Problem to work on » Every line below between the one holding "BJ251 K24 純金" and the one holding "全体的にクラシックでありなが", inclusive, should be copied exactly, and no other line.

*** Records supplied

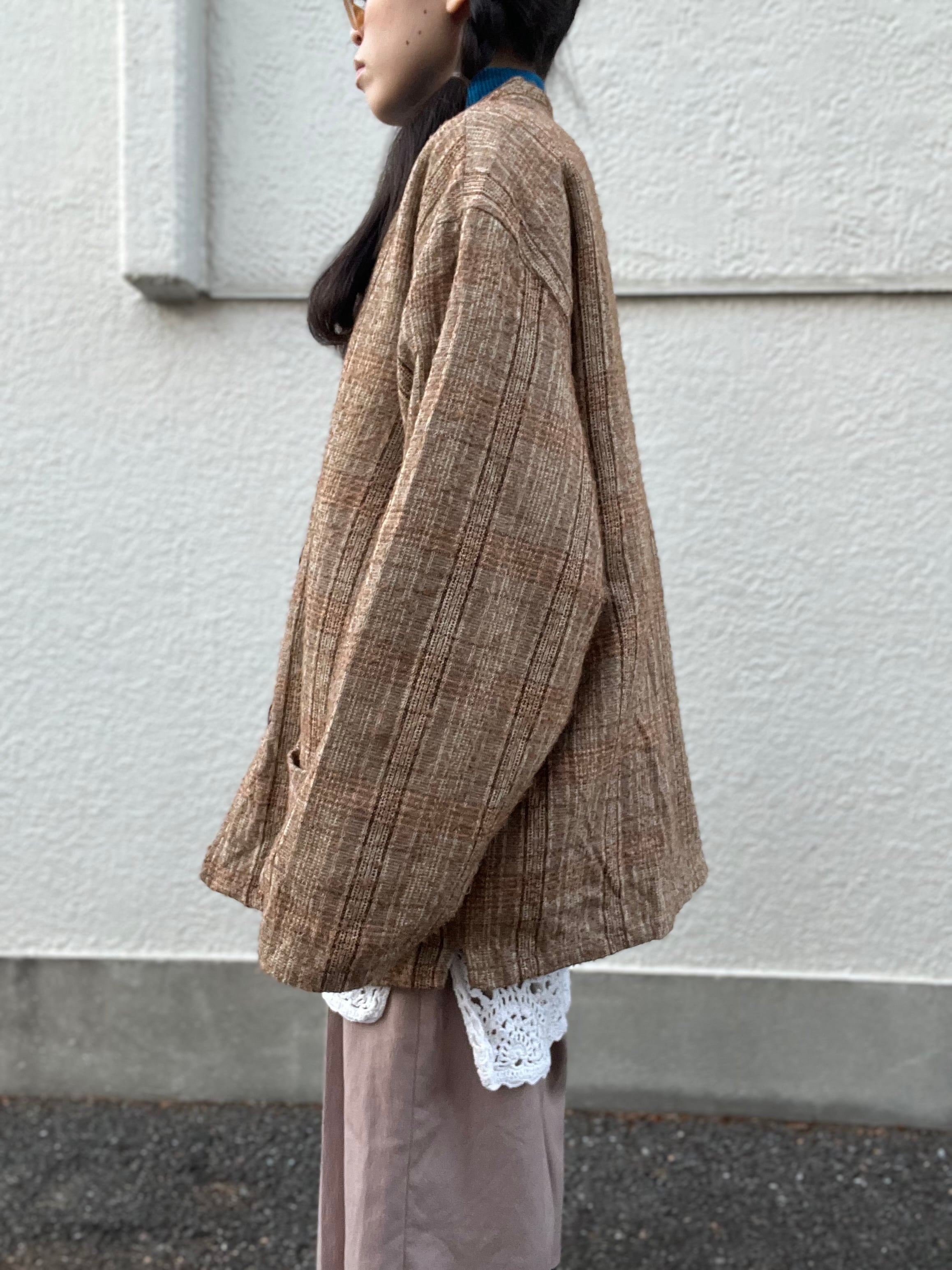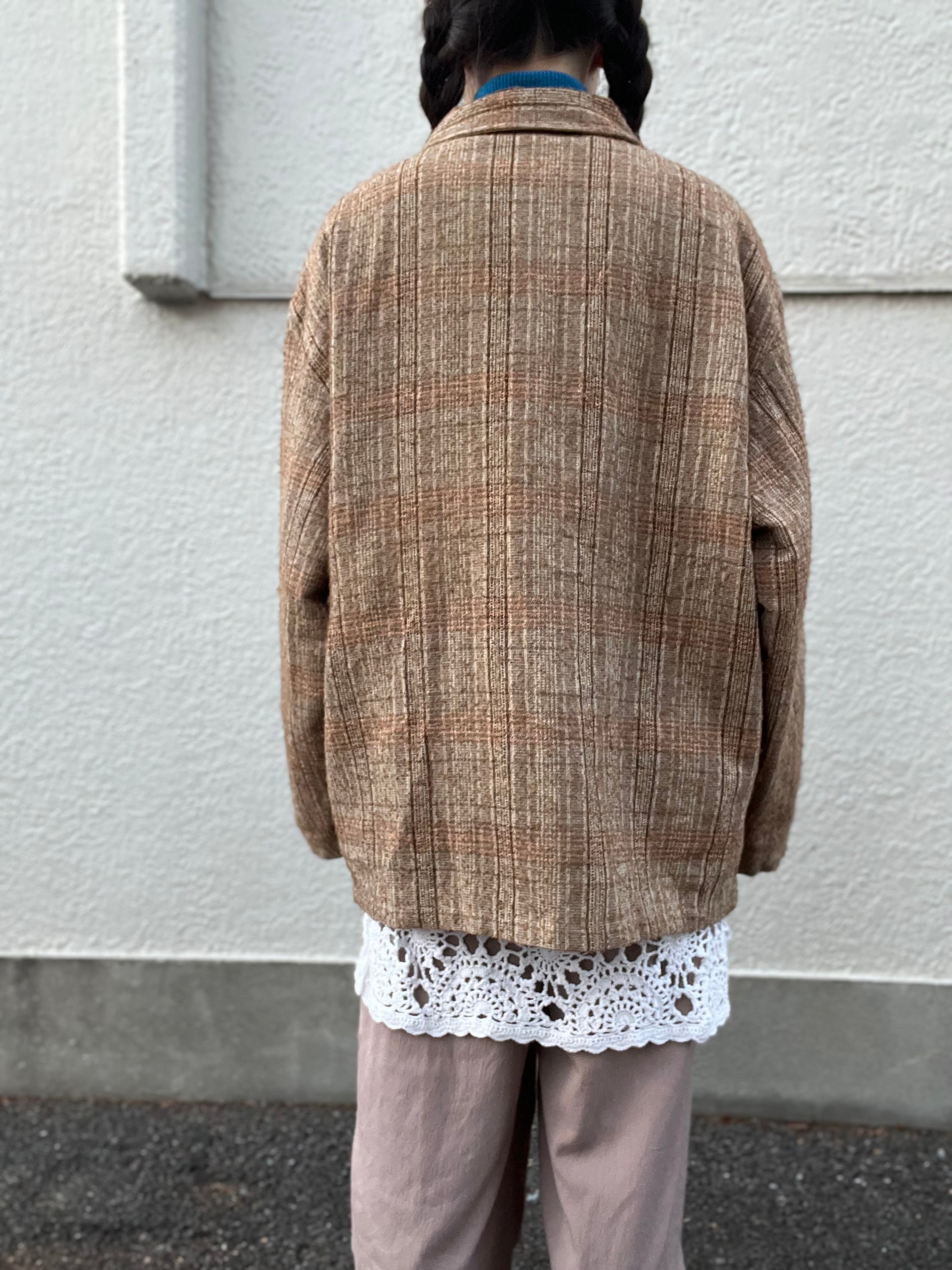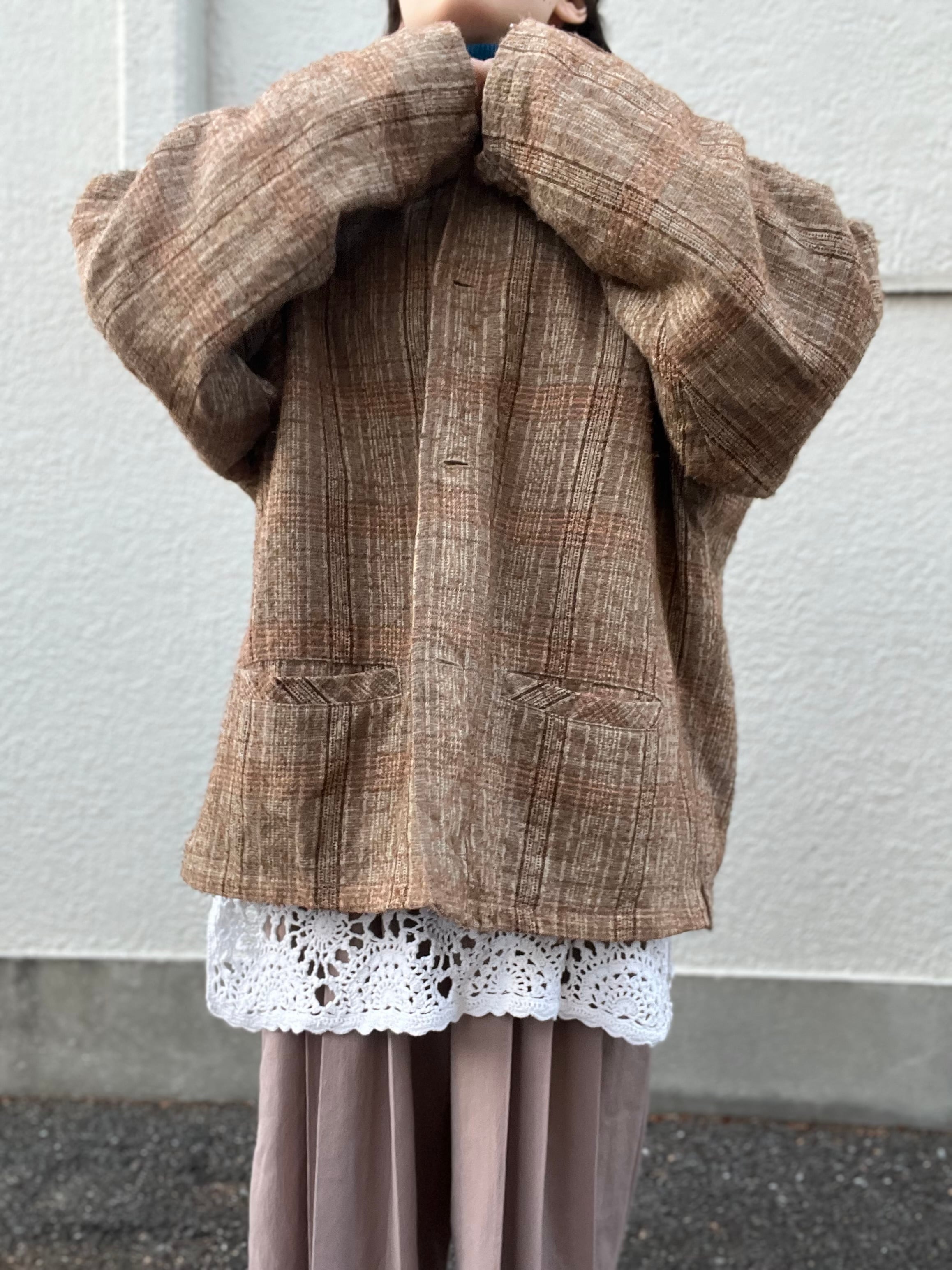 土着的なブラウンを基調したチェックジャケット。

******
*** Records supplied

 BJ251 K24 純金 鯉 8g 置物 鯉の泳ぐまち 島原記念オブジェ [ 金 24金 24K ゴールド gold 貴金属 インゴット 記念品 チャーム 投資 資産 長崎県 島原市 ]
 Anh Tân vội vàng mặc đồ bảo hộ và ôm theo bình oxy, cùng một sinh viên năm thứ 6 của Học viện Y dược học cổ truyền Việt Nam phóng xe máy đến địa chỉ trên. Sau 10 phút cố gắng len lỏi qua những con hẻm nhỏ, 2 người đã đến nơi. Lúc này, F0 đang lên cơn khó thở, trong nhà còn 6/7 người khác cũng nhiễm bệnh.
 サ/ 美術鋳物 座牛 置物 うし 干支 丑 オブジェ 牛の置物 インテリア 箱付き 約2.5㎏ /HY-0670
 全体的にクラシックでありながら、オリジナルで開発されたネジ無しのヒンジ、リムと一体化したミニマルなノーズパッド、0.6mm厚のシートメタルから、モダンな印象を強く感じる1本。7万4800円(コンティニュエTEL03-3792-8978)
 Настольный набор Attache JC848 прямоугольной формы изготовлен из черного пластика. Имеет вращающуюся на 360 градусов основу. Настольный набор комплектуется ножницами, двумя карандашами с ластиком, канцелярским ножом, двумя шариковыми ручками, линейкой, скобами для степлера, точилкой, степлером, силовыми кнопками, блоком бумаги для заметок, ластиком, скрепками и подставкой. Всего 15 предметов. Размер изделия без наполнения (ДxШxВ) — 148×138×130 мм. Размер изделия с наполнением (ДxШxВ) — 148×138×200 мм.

******

Solution to this task »
 BJ251 K24 純金 鯉 8g 置物 鯉の泳ぐまち 島原記念オブジェ [ 金 24金 24K ゴールド gold 貴金属 インゴット 記念品 チャーム 投資 資産 長崎県 島原市 ]
 Anh Tân vội vàng mặc đồ bảo hộ và ôm theo bình oxy, cùng một sinh viên năm thứ 6 của Học viện Y dược học cổ truyền Việt Nam phóng xe máy đến địa chỉ trên. Sau 10 phút cố gắng len lỏi qua những con hẻm nhỏ, 2 người đã đến nơi. Lúc này, F0 đang lên cơn khó thở, trong nhà còn 6/7 người khác cũng nhiễm bệnh.
 サ/ 美術鋳物 座牛 置物 うし 干支 丑 オブジェ 牛の置物 インテリア 箱付き 約2.5㎏ /HY-0670
 全体的にクラシックでありながら、オリジナルで開発されたネジ無しのヒンジ、リムと一体化したミニマルなノーズパッド、0.6mm厚のシートメタルから、モダンな印象を強く感じる1本。7万4800円(コンティニュエTEL03-3792-8978)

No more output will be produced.